This set of five china bone dishes was donated to our collection in 1977. The dishes are crescent-shaped, with white centers and pink borders with gilt edging. The edging is scalloped. The dishes are unmarked. They were purchased as a wedding gift at the Sacramento Breuners Home Furnishings Store in 1905 for five dollars.

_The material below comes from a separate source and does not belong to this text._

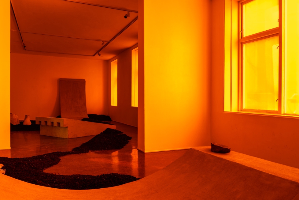 Farget folie klistret på vinduene i Kunstnerforbundets to øvre saler gjør at installasjonen Rivers End (2026) av Bianca Hisse og Christian Danielewitz bades i et oransje lys. Øynene mine venner seg raskt til dette filteret, og først opplever jeg den Olafur Eliassonske fargeleggingen som inviterende, men etter hvert som tiden går, framstår den omsluttende gløden gradvis mer faretruende, som om jeg er utlevert til en sol som ikke slutter å steke.

Breuner's Home Furnishings, Sacramento, 1898. By Internet Archive Book Images - Image from page 15 of "Florida, its history and its romance" (1898), CC BY-SA 2.0

Bone dishes were used to separate fish or chicken bones from the uneaten food on the dinner plate. Most were crescent-shaped and were placed on the left side of plate, above the forks, and sometimes to the top of the main plate. They were made of porcelain and china and came in different shapes and patterns. They were a common wedding gift and could be purchased in sets.

Nashville Banner, January 25, 1910

Nineteenth-century formal dining was a complex affair. Elaborate tables settings included dishes and utensils for every type of food.

Bone dishes on display at the Bernhard Museum

Meat was relatively expensive, so fish and other types of seafood were often on the menu. Besides its nutritional value fish was considered “easy of digestion and creates little vascular excitement and consequently forms a light and wholesome article of diet” (Placer Herald, June 18,1898).

Image of seafood dishes from Mrs. Beeton's Book of Household Management by Isabella Beeton. First published in 1861.

The set of bone dishes was donated by Lillian Ballard of Napa. She was born in 1885 in the early California gold-mining town of Bodie. When she was seven her family moved to Auburn. In 1914, she married Myrt L. Ballard and the couple moved to Sacramento and later, to St. Helena and Napa. She was a 50-year member of the Order of the Eastern Star Crystal Chapter of Auburn. Lillian died in 1980.